The storm, however, was coming nearer and nearer, and it swept everything before it soon after the insurrection broke out in Poland.
III
In January 1863 Poland rose against Russian rule. Insurrectionary bands were formed, and a war began which lasted for full eighteen months. The London refugees had implored the Polish revolutionary committees to postpone the movement. They foresaw that it would be crushed, and would put an end to the reform period in Russia. But it could not be helped. The repression of the nationalist manifestations which took place at Warsaw in 1861, and the cruel, quite unprovoked executions which followed, exasperated the Poles. The die was cast.
Never before had the Polish cause so many sympathizers in Russia as at that time. I do not speak of the revolutionists; but even among the more moderate elements of Russian society it was thought, and was openly said, that it would be a benefit for Russia to have in Poland a friendly neighbour instead of a hostile subject. Poland will never lose her national character, it is too strongly developed; she has, and will have, her own literature, her own art and industry. Russia can keep her in servitude only by means of sheer force and oppression—a condition of things which has hitherto favoured, and necessarily will favour, oppression in Russia herself. Even the peaceful Slavophiles were of that opinion; and while I was at school St. Petersburg society greeted with full approval the ‘dream’ which the Slavophile Iván Aksákoff had the courage to print in his paper, ‘The Day.’ His dream was that the Russian troops had evacuated Poland, and he discussed the excellent results which would follow.

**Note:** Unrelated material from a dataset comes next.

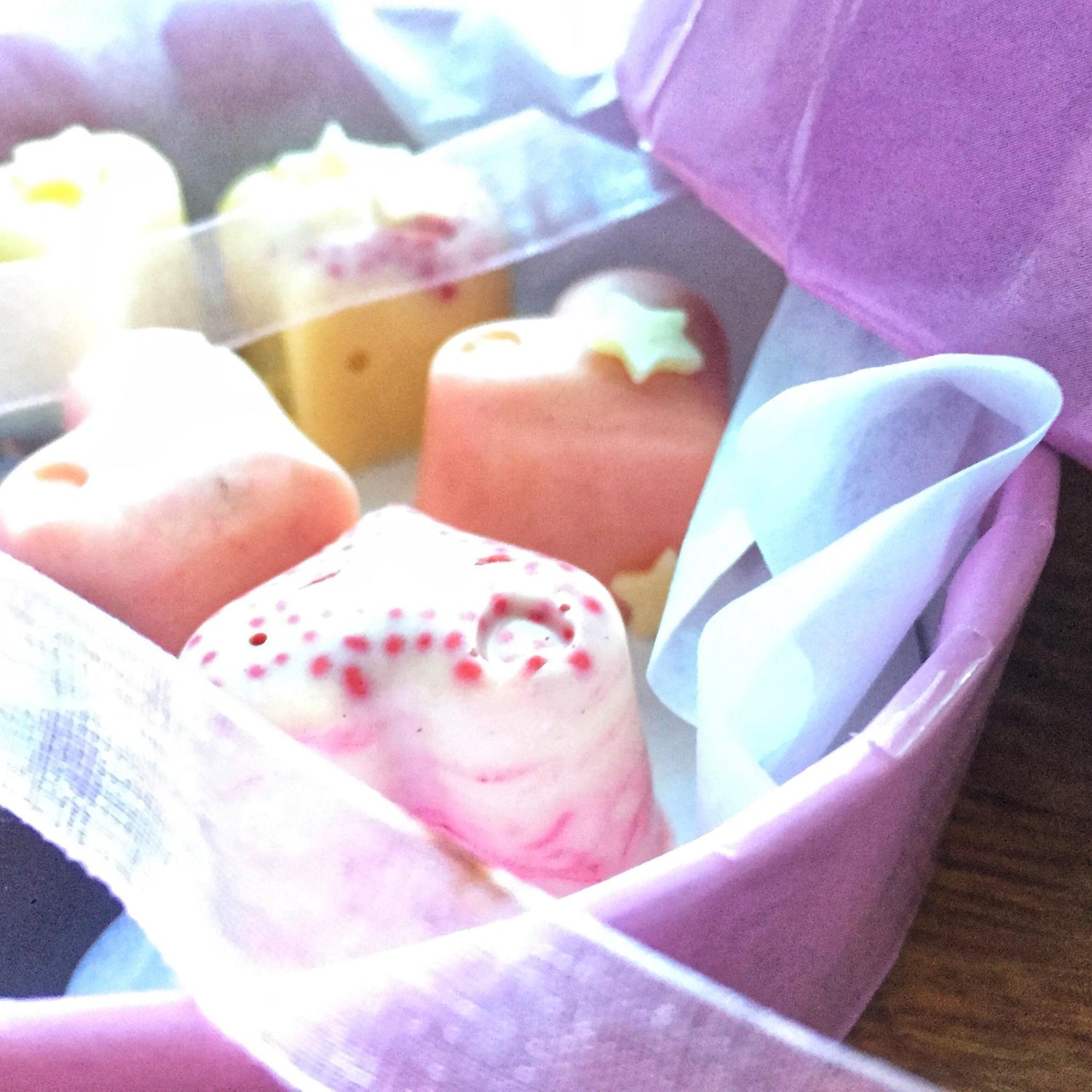 7. Turn them out of the moulds. If you want to add extra sprinkles to the top, melt a little chocolate and use it to glue them in place. Finally, find or make a lovely box and enjoy giving your unique chocolates to someone special.

When the revolution of 1863 broke out, several Russian officers refused to march against the Poles, while others openly took their part, and died either on the scaffold or on the battlefield. Funds for the insurrection were collected all over Russia—quite openly in Siberia—and in the Russian universities the students equipped those of their comrades who were going to join the revolutionists.
Then, amidst this effervescence, the news spread over Russia that during the night of January 10 bands of insurgents had fallen upon the soldiers who were cantoned in the villages, and had murdered them in their beds, although on the very eve of that day the relations of the troops with the Poles seemed to be quite friendly. There was some exaggeration in the report, but unfortunately there was also truth in it, and the impression it produced in Russia was most disastrous. The old antipathies between the two nations, so akin in their origins but so different in their national characters, woke up once more.